Department of Psychiatry, Washington University of Medicine, St. Louis, MO, USA.
BMC Genet. 2005 Dec 30;6 Suppl 1(Suppl 1):S84. doi: 10.1186/1471-2156-6-S1-S84.
Accurately resolving population structure in a sample is important for both linkage and association studies. In this study we investigated the power of single-nucleotide polymorphisms (SNPs) in detecting population structure in a sample of 286 unrelated individuals. We varied the number of SNPs to determine how many are required to approach the degree of resolution obtained with the Collaborative Study on the Genetics of Alcoholism (COGA) short tandem repeat polymorphisms (STRPs). In addition, we selected SNPs with varying minor allele frequencies (MAFs) to determine whether low or high frequency SNPs are more efficient in resolving population structure. We conclude that a set of at least 100 evenly spaced SNPs with MAFs of 40-50% is required to resolve population structure in this dataset. If SNPs with lower MAFs are used, then more than 250 SNPs may be required to obtain reliable results.

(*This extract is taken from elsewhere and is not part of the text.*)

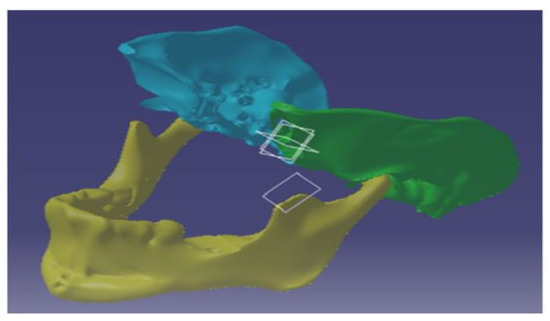 Similarly to the previous phase, the segmented skull model from the DICOM file, generated via 3D Slicer, was imported and smoothed in Meshmixer. Then, a plane cut was made to condense the section of the temporal bone that was of interest. After the plane had been cut, we fixed the model and divided it into the temporal zone. After modelling, the temporal bone was imported into CATIA. The model was transformed to a solid model, with compensation for the decreased thickness in the temporal bone. The assembly of the mandible and temporal bone was performed once both sides of the temporal bone had been sculpted. The distance between the jaw and temporal bones was taken into account when assembling all three models, as depicted in Figure 2.
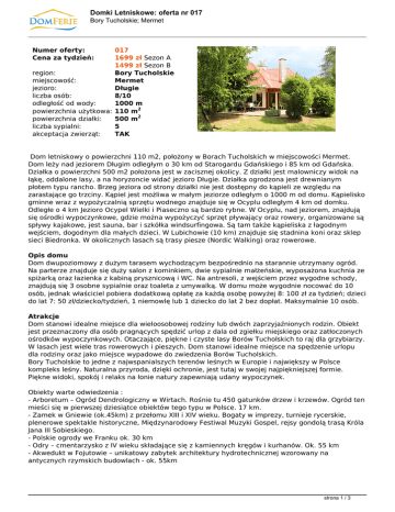 Domki Letniskowe: oferta nr 017 Bory Tucholskie; Mermet Numer oferty: Cena za tydzień: 017 1699 zł Sezon A 1499 zł Sezon B region: Bory Tucholskie miejscowość: Mermet jezioro: Długie liczba osób: 8/10 odległość od wody: 1000 m powierzchnia użytkowa: 110 m2 powierzchnia działki: 500 m2 liczba sypialni: 5 akceptacja zwierząt: TAK Dom letniskowy o powierzchni 110 m2, położony w Borach Tucholskich w miejscowości Mermet. Dom leży nad jeziorem Długim odległym o 30 km od Starogardu Gdańskiego i 85 km od Gdańska. Działka o powierzchni 500 m2 położona jest w zacisznej okolicy. Z działki jest malowniczy widok na łąkę, oddalone lasy, a na horyzoncie widać jezioro Długie. Działka ogrodzona jest drewnianym płotem typu rancho. Brzeg jeziora od strony działki nie jest dostępny do kąpieli ze względu na zarastające go trzciny. Kąpiel jest możliwa w małym jeziorze odległym o 1000 m od domu. Kąpielisko gminne wraz z wypożyczalnią sprzętu wodnego znajduje się w Ocyplu odległym 4 km od domku. Odległe o 4 km Jezioro Ocypel Wielki i Piaseczno są bardzo rybne. W Ocyplu, nad jeziorem, znajdują się ośrodki wypoczynkowe, gdzie można wypożyczyć sprzęt pływający oraz rowery, organizowane są spływy kajakowe, jest sauna, bar i szkółka windsurfingowa. Są tam także kąpieliska z łagodnym wejściem, dogodnym dla małych dzieci. W Lubichowie (10 km) znajduje się stadnina koni oraz sklep sieci Biedronka. W okolicznych lasach są trasy piesze (Nordic Walking) oraz rowerowe. Opis domu Dom dwupoziomowy z dużym tarasem wychodzącym bezpośrednio na starannie utrzymany ogród. Na parterze znajduje się duży salon z kominkiem, dwie sypialnie małżeńskie, wyposażona kuchnia ze spiżarką oraz łazienka z kabiną prysznicową i WC. Na antresoli, z wejściem przez wygodne schody, znajdują się 3 osobne sypialnie oraz toaleta z umywalką. W domu może wygodnie nocować do 10 osób, jednak właściciel pobiera dodatkową opłatę za każdą osobę powyżej 8: 100 zł za tydzień; dzieci do lat 7: 50 zł/dziecko/tydzień, 1 niemowlę lub 1 dziecko do lat 2 bez dopłat. Maksymalnie 10 osób. Atrakcje Dom stanowi idealne miejsce dla wieloosobowej rodziny lub dwóch zaprzyjaźnionych rodzin. Obiekt jest przeznaczony dla osób pragnących spędzić urlop z dala od zgiełku miejskiego oraz zatłoczonych ośrodków wypoczynkowych. Otaczające, piękne i czyste lasy Borów Tucholskich to raj dla grzybiarzy. W lasach jest wiele tras rowerowych i pieszych. Dom stanowi idealne miejsce na spędzenie urlopu dla rodziny oraz jako miejsce wypadowe do zwiedzenia Borów Tucholskich. Bory Tucholskie to jedne z najwspanialszych terenów leśnych w Europie i największy w Polsce kompleks leśny. Naturalna przyroda, dzięki ochronie, jest tutaj w swojej najpiękniejszej formie. Piękne widoki, spokój i relaks na łonie natury zapewniają udany wypoczynek. Obiekty warte odwiedzenia : - Arboretum – Ogród Dendrologiczny w Wirtach. Rośnie tu 450 gatunków drzew i krzewów. Ogród ten mieści się w pierwszej dziesiątce obiektów tego typu w Polsce. 17 km. - Zamek w Gniewie (ok.45km) z przełomu XIII i XIV wieku. Bogaty w imprezy, turnieje rycerskie, plenerowe spektakle historyczne, Międzynarodowy Festiwal Muzyki Gospel, rejsy gondolą trasą Króla Jana III Sobieskiego. - Polskie ogrody we Franku ok. 30 km - Odry – cmentarzysko z IV wieku składające się z kamiennych kręgów i kurhanów. Ok. 55 km - Akwedukt w Fojutowie – unikatowy zabytek architektury hydrotechnicznej wzorowany na antycznych rzymskich budowlach - ok. 55km strona 1 / 3 Domki Letniskowe: oferta nr 017 Bory Tucholskie; Mermet - Malbork z największym zamkiem Krzyżackim – 70 km - Trójmiasto – 90 km Charakterystyka obiektu: - Maksymalna liczba osób: 8/10* - 1 Sypialnia: łóżko małżeńskie: parter - 2 Sypialnia: łóżko małżeńskie: parter - 3 Sypialnia: 2 tapczany 1 os.: antresola - 4 Sypialnia: 2 tapczany 1 os.: antresola - 5 Sypialnia: 2 tapczany 1 os.: antresola - Bielizna pościelowa: odpłatnie - Salon z kominkiem: parter - Kuchnia: parter - Kuchenka 4 płyty z piekarnikiem.: elektryczna - Czajnik: tak - Łazienka z prysznicem + WC: parter - WC z umywalką: antresola - Lodówka/zamrażarka: tak Charakterystyka obiektu, c.d.: - Ciepła woda: tak - Ogrzewanie: elektryczne - TV 4 programy krajowe: tak - Meble ogrodowe: tak - Zwierzęta domowe: tak - Grill stacjonarny: tak - Grill stacjonarny: tak - Kąpiel w jeziorze: 1000 m - Przystań, wypożyczalnia: 4 km - Wędkowanie: wykup zezwolenia - Restauracja: 4 km - Lekarz, ośr. zdrowia: 10 km - Sklep spożywczy: 4 km - Stadnina koni: 6 km - Gminne kąpielisko: 4 km * DOPŁATA ZA KAŻDĄ OSOBĘ POWYŻEJ 8: 100 zł ZA TYDZIEŃ; dzieci do lat 7: 50 zł/dziecko/tydzień, 1 niemowlę lub 1 dziecko do lat 2 bez dopłat.Maksymalnie 10 osób. CENNIK: Podana poniżej i wyróżniona na pomarańczowo cena jest całkowitą ceną wynajmu domu na 1 tydzień - od soboty do soboty (zawiera w sobie kwotę rezerwacji i zaliczki). Dodatkowo dolicza się podane niżej opłady obowiązkowe i/lub nieobowiązkowe. wynajem za 1 tydzień w tym: Sezon A Sezon B TYLKO Weekendy: 25.06. - 20.08.2011. Poza sezonem A 29.04 - 03.05 (4 doby) 1699 zł/tydz (8 osób) 1499 zł/tydz (8 osób) 1100 zł za 3 doby 1350 zł za 4 doby - rezerwacja 299 zł/tydz 299 zł/tydz 350 zł/pobyt - zaliczka 200 zł/tydz 200 zł/tydz 200 zł/pobyt OPŁATY DODATKOWE: 1. Zużycie energii elekt. wg wskazań licznika; koszt 70 gr. za 1 kWh. 2. Dopłata za każdą osobę powyżej 8: 100 zł za tydzień; dzieci do lat 7: 50 zł/tydzień, 1 niemowlę lub 1 dziecko do lat 2 bez dopłat. Maksymalnie 10 osób. 3. Sprzątanie domu po zakończeniu turnusu 100 zł jeżeli najemca nie chce sam wykonać tej pracy 4. Drewno do kominka wiązka 30 zł 5. Bielizna pościelowa: 15 zł/osoba strona 2 / 3 Domki Letniskowe: oferta nr 017 Bory Tucholskie; Mermet 6. Każde zwierzę 50 zł/tydzień KAUCJA 300 zł Kaucja, pobi

准确解析样本中的群体结构对于连锁和关联研究都很重要。在这项研究中,我们调查了单核苷酸多态性(SNP)在检测 286 个无关个体样本中群体结构的能力。我们改变了 SNP 的数量,以确定需要多少 SNP 才能达到酒精中毒遗传学合作研究(COGA)短串联重复多态性(STRP)获得的分辨率程度。此外,我们选择了具有不同次要等位基因频率(MAF)的 SNP,以确定低频率或高频率的 SNP 是否更有效地解析群体结构。我们得出结论,至少需要 100 个具有 40-50%MAF 的均匀分布的 SNP 来解析这个数据集的群体结构。如果使用 MAF 较低的 SNP,则可能需要超过 250 个 SNP 才能获得可靠的结果。